I'd say - instead of building great furniture that also happens to sound good give us great sounding speakers that also happen to be acceptable furniture.
inna
Ha, the first thing that came to my mind was almost the opposite of the
OP’s view. My first impulse is to say build better looking speakers!!!!!

Aesthetics are important to me, speakers are a form of furniture - I will be placing them in a room whose aesthetics I care about and I’ll be staring at the speakers for long periods of time listening.

I know quite a number of audiophiles don’t care so much about aesthetics and frankly, their listening rooms show it; like I’m looking at a frat-guy’s place with every bit of equipment and wire spilled all over in view and little care for the looks of the room. (Though there are also some absolutely beautiful set ups in the virtual systems pictures as well).
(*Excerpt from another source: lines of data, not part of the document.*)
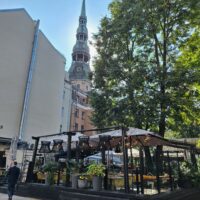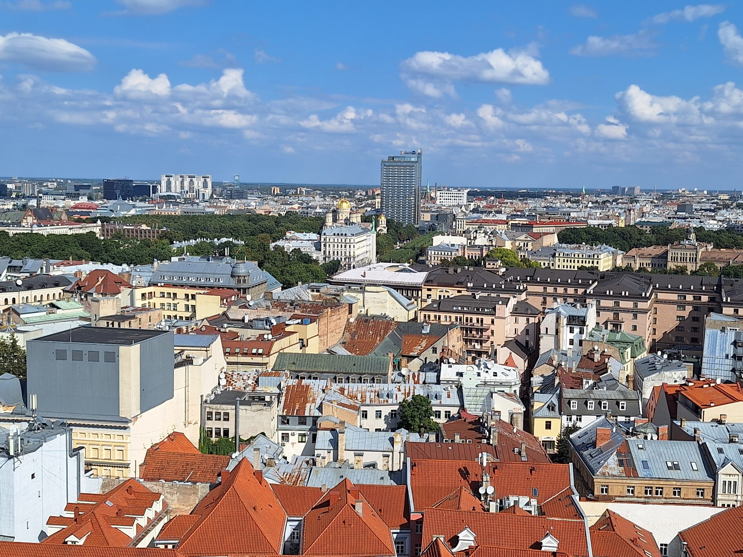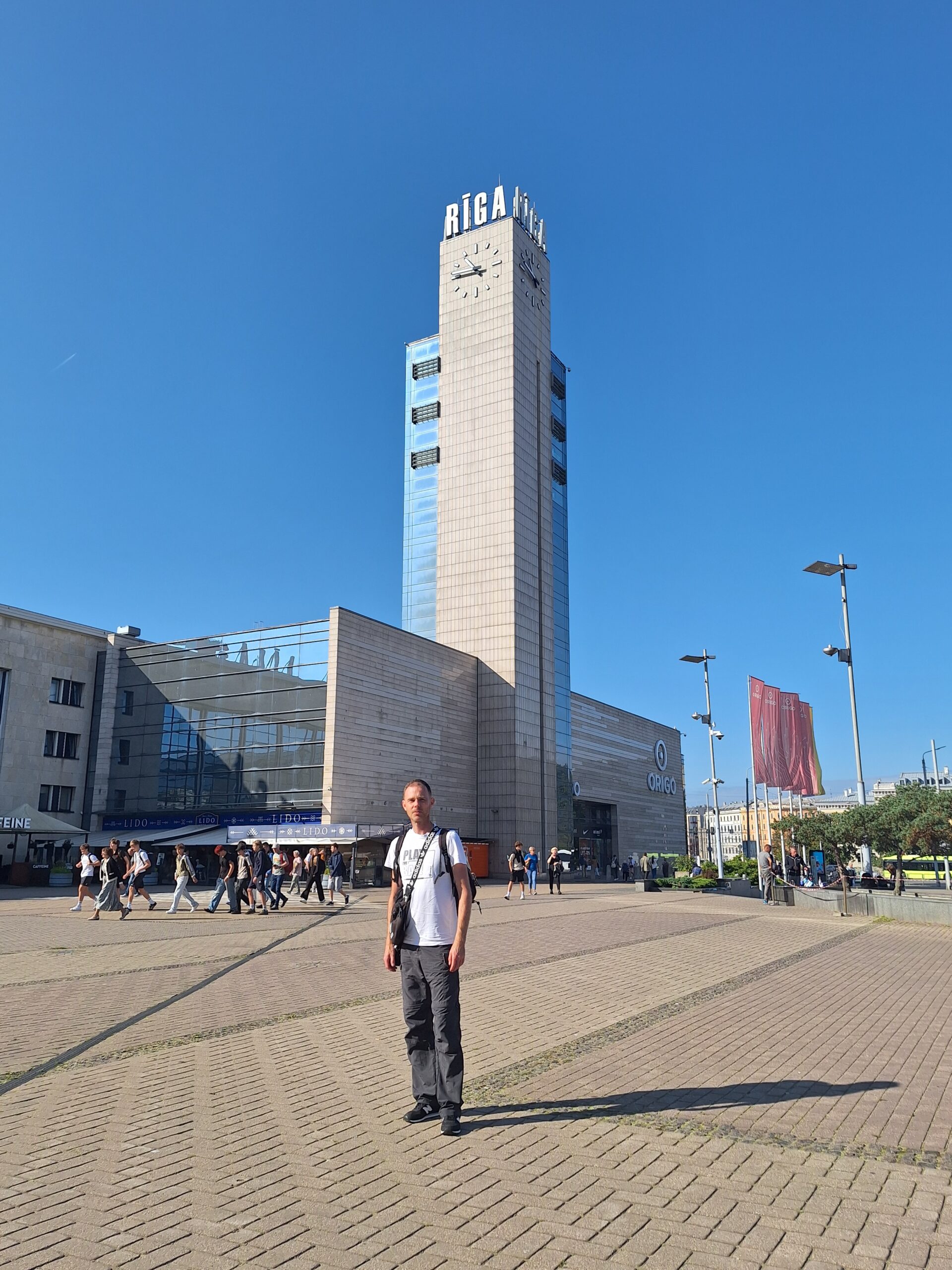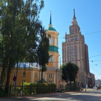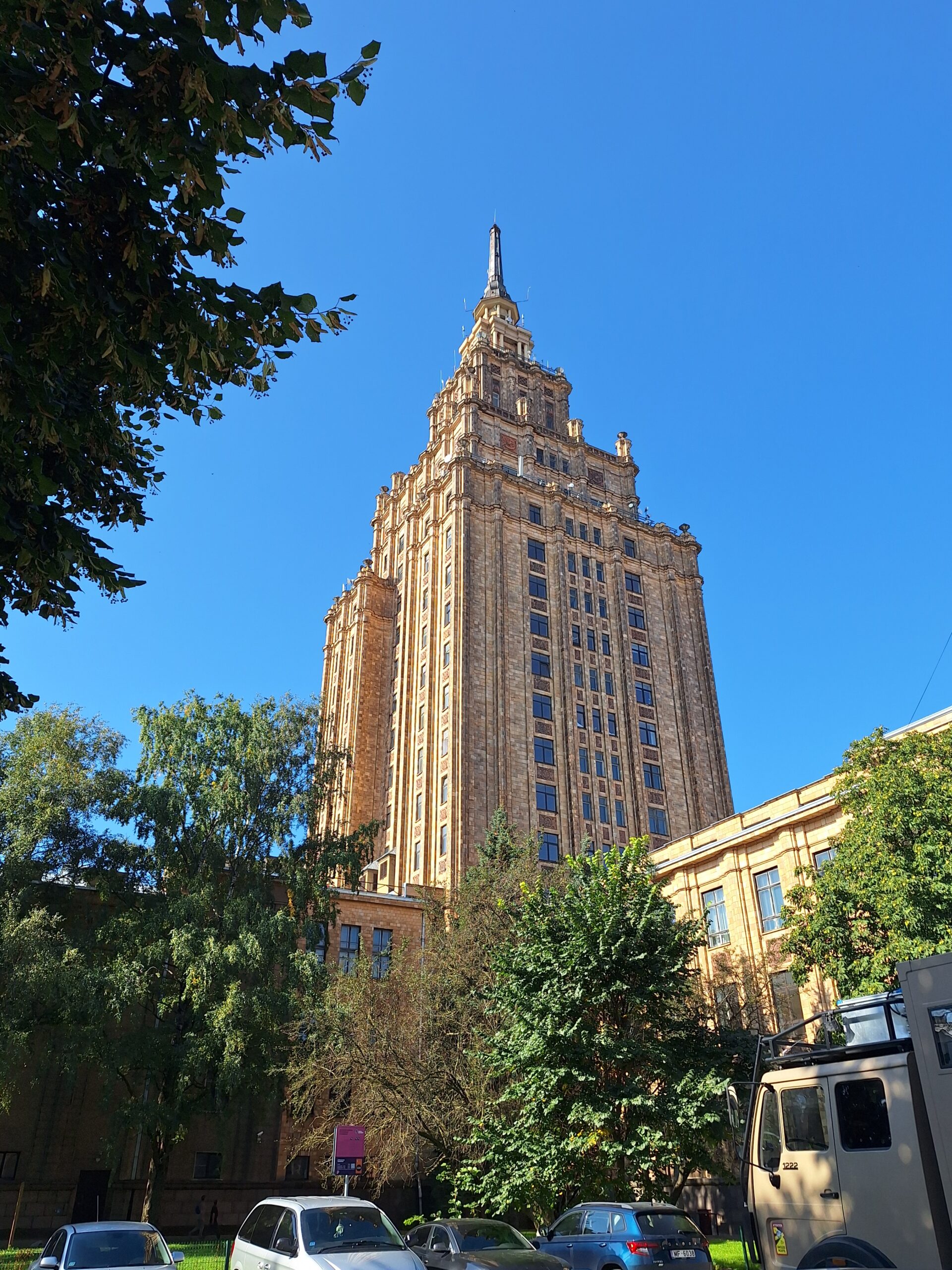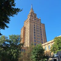 Ale mamy fart. Przez cały nasz pobyt w Rydze ma być tylko słońce. Po dotarciu do centrum, wstąpiliśmy do Restauracji Lido, gdzie można zjeść niedrogie śniadanie. To taka lokalna sieciówka ze sporą ilością miejscowych dań do wyboru. Mieści się ona w budynku dworca kolejowego Rīga Pasažieru, który połączony jest z centrum handlowym. Po kawie udaliśmy się do hotelu Mercure, który mieści się na tyłach owego centrum. Z uwagi na status w sieci Accor dostaliśmy pokoje wcześniej, bo już o 10 rano. Zostawiliśmy rzeczy i rodzice poszli na czerwony autobus Hop On Hop Off, którym łatwiej zwiedzą stolicę, a my w kierunku Latvijas Zinātņu akadēmija (budynek Łotewskiej Akademii Nauk – czyli ichniejszy Pałac Kultury, taki sam jak w Warszawie).
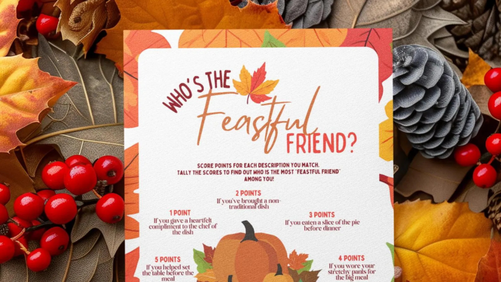 Make your Thanksgiving or Friendsgiving extra fun with Who’s the Feastful Friend? Compete with family and friends by tallying points for your holiday habits — from complimenting the chef to sneaking that extra slice of pie. At the end, crown the ultimate Feastful Friend!
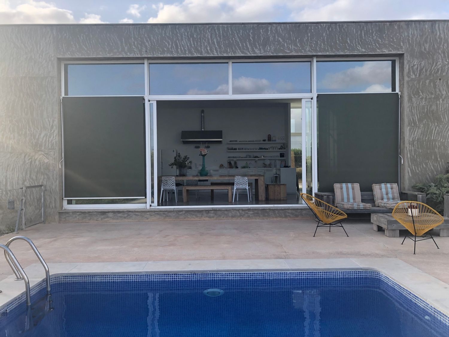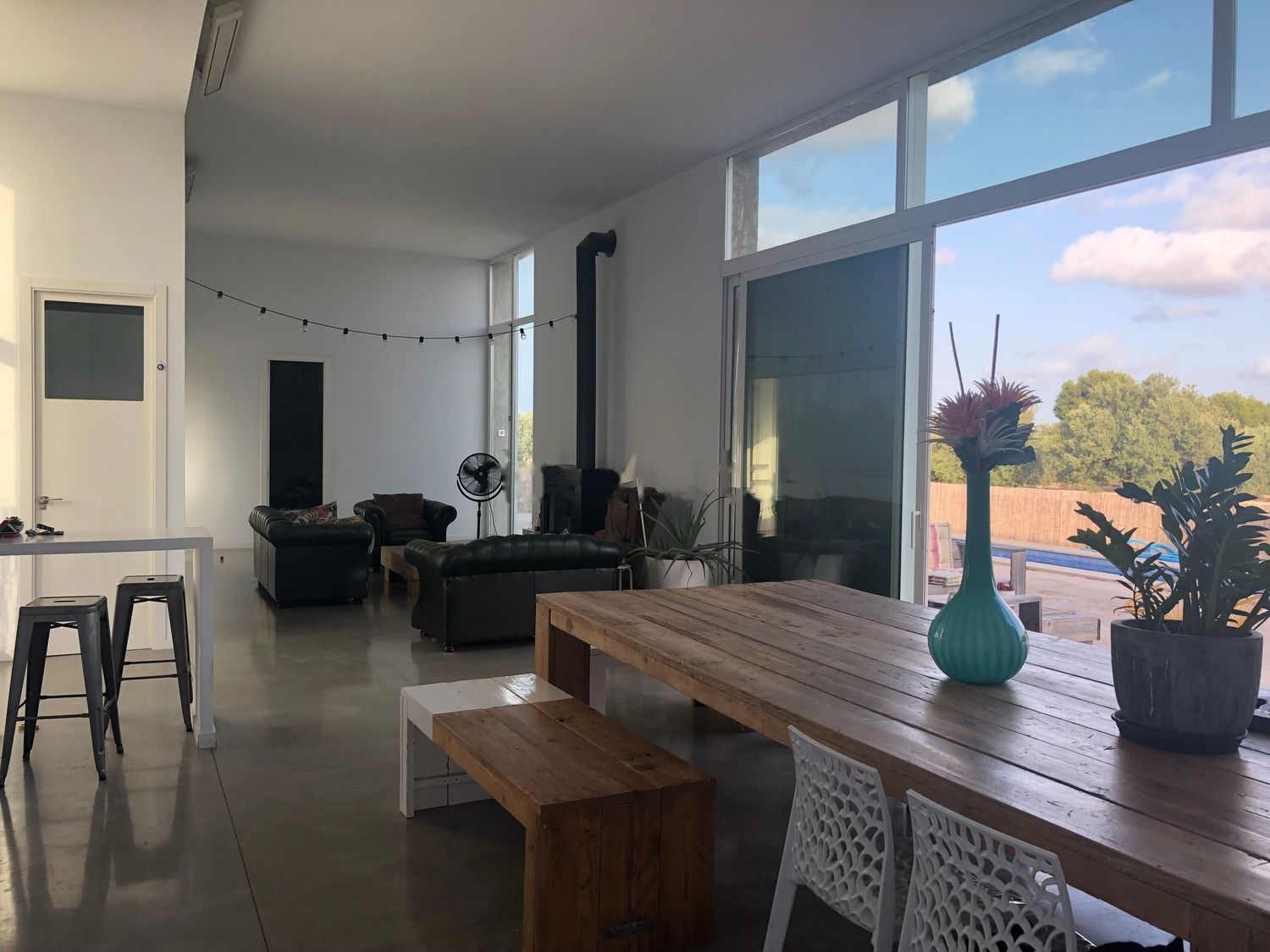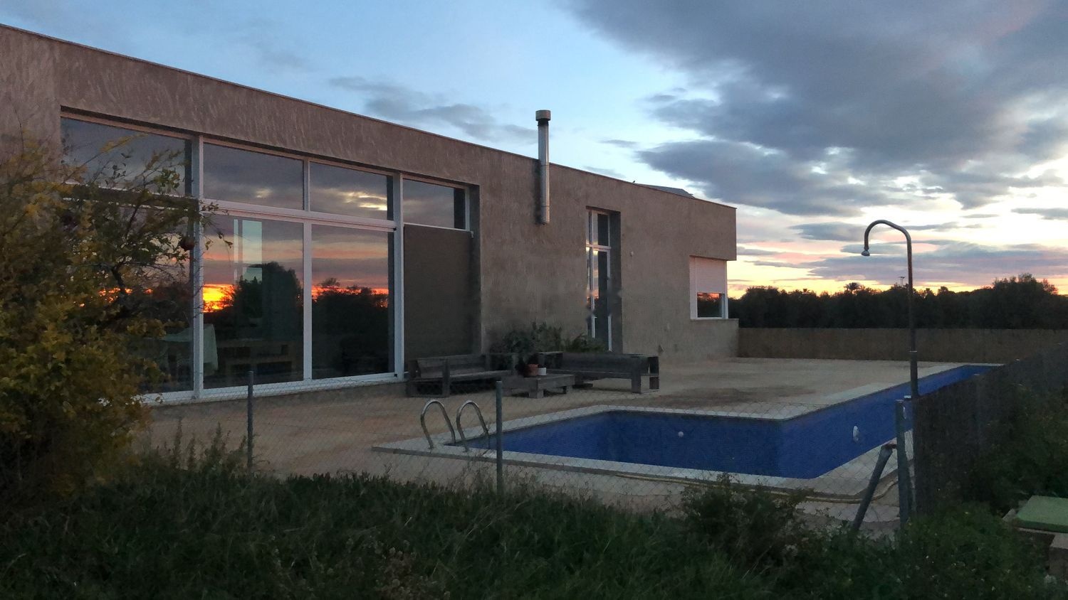 Terreno de 11.375m2, con una vivienda unifamiliar, que cuenta con dos suites y un espacio central abierto común tipo loft que incluye cocina, lavabo de cortesía, sala de estar y comedor abierto a una pared de vidrio practicable que abre a la piscina, chimenea de grandes dimensiones metálica de diseño que sirve para calentar la casa durante los meses de invierno. Techos de 4m de alto en toda la edificación. Ideal para personas de gran estatura, o que disfruten de espacios interiores amplios, iluminados de forma natural.

Overall I think the aesthetics of speaker design has upped it’s game over the years. That said, some of the design aesthetics are still what an engineer with no design experience would think of as "cool."

This being an audiophile site it goes without saying that we want great sound. So obviously I’m not inclined to say "give me worse sound." But few things to me are more wonderful than a gorgeous lookingspeaker that sounds beautiful.



My 2 cents:

Keep the impedance and phase angles reasonable. The last thing you want to do is make **any** amplifier work hard, as to do so makes more distortion and it will most likely be audible as harshness and loss of detail.

As an example, many speaker designers put dual woofers in parallel, creating a 4 ohm load in the bass. The problem is that most of the energy in music is in the woofers, so most of the distortion the amp is going to make is going to be the result of how hard it has to work to drive the woofers.

A simple way to make any speaker with any amp sound more transparent and smoother is to simply raise the impedance. You can see the implications of this in the specs of any amplifier, tube, solid state or class D.

A second beef is that many speaker companies equate sensitivity and efficiency as the same thing when they are a bit different. It would be better if both specs were stated.
Douglas, your post is senseless and offending. Be quiet now, please.
Ralph, right, let the amps bring out the best in speakers.
I thought that Doug's post had the ring of truth; much like the ring that cracked the Liberty Bell must have sounded.

Dave
Designers are already building what the market wants. Small,easy to house,sell,ship,make profits off Chinese manufactured bookshelf or tower designs all near identical to one another. Sure a few options exist outside of this but the majority are like I mentioned more similar in design to toasters than art. Audiophiles are so used to this appearance and similarity of design that anything to far outside of the norm will not get much market traction. Its just the way humanity rolls we crave the familiar change is scary. Most all buyers want 2-2.5 way designs mostly with dome and 6 inch woofer or woofers in wood veneer cabinets some may go AMT or ribbon tweeters.